Easy Salted Caramel Brownies Recipe
Ingredients
- 1 cup unsalted butter
- 1¼ cups granulated sugar
- ¾ cup brown sugar
- 3 large eggs + 1 egg yolk
- 1 tbsp vanilla extract
- ¾ cup unsweetened cocoa powder
- 1 cup all-purpose flour
- ½ tsp baking powder
- ½ tsp salt
- ¾ cup caramel sauce store-bought or homemade
- Flaky sea salt for topping
Instructions
- Preheat oven to 350°F (175°C). Grease and line an 8×8-inch baking pan with parchment paper.
- Melt the butter in a saucepan over medium heat. Remove from heat and whisk in both sugars.
- Add eggs and vanilla, whisking vigorously until glossy.
- Sift in cocoa powder, flour, baking powder, and salt.
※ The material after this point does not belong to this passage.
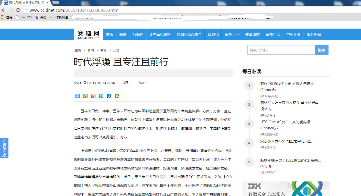 上个月,星谷在北京工业互联网大会上荣获两项大奖,一举成名,各大媒体纷纷前来专访,除了《进出口经理人》杂志的专题采访外,工信部赛迪网也向星谷约稿。10月14日,赛迪网在该网的“商界”新闻里发布了一篇名为《时代浮躁 且专注且前行》的文章,介绍星谷服务和星谷精神,乃至星谷受到的各界认可也被提及在内。
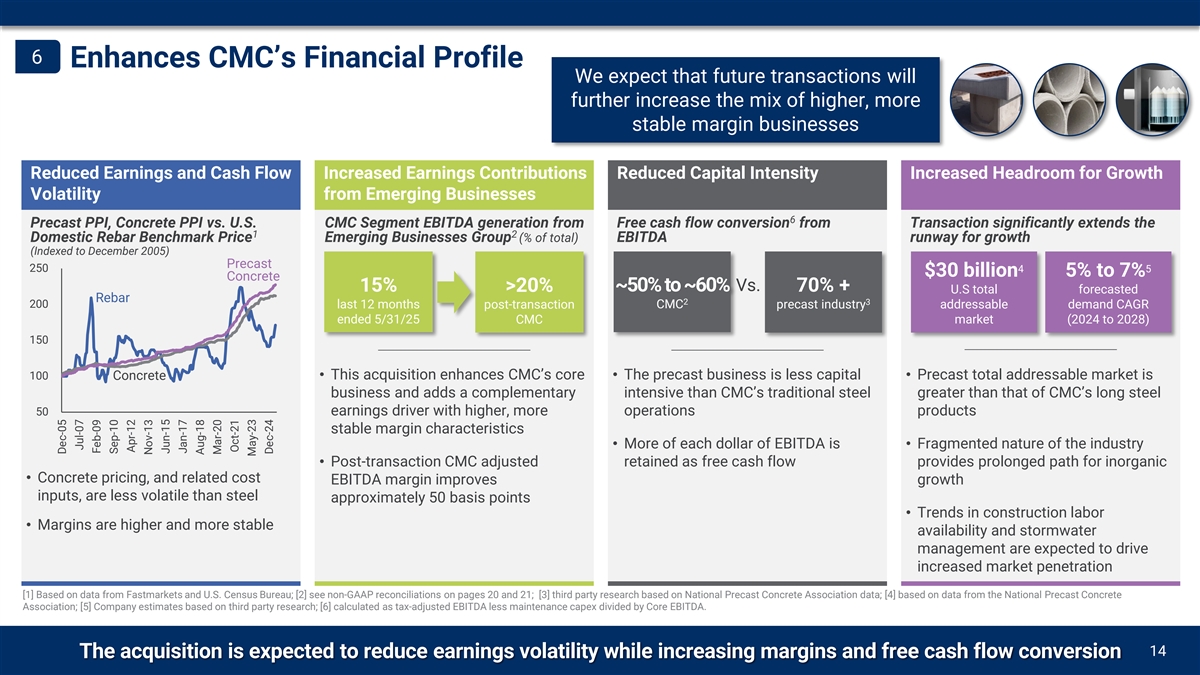 5 High Geographical Overlap Maximizes Value Levers High geographical overlap helps to fully utilize CMC’s capabilities and maximize the effectiveness of value levers Every CP&P plant is located within 100 miles or less of a CMC facility, maximizing the opportunity to coordinate • Coordinated sales efforts across products Commercial CMC and CP&P Locations Coordination • Full suite of CMC product portfolio is available • Optimize logistics fleets within regions Logistics Management • Maximize on-time delivery, minimize waste Steel Sourcing • CMC facilities will supply precast plants with rebar • Greater access to key decision makers Customer Relationships • More project touchpoints and greater value proposition • Better utilization of top manufacturing talent Talent Sourcing CP&P facility and Management • Sharing of transferable best practices CMC mill CMC fabrication • Reinforce a culture of continuous improvement Leverage CMC’s Mill & fabrication TAG Program • Extension of TAG program to CP&P Fabrication & PT Cable • Improved job-site scheduling Project Management • Ease of doing business for customers 13 Shared geographies will allow CMC to more fully capitalize on commercial and operational opportunities

Stir until smooth.
- Spread half of the batter into your prepared pan.
- Drizzle caramel sauce over the batter and use a knife to gently swirl it.
- Add remaining batter on top and smooth the surface.
- Bake for 30–35 minutes, or until a toothpick comes out with moist crumbs.
- Sprinkle with flaky sea salt while warm. Let cool completely before cutting.
Video
Notes
- Room-temp caramel swirls more easily than cold caramel.
- For clean cuts, chill the brownies and wipe the knife between slices.
- Don’t overbake! Slightly underdone brownies give you that fudgy center.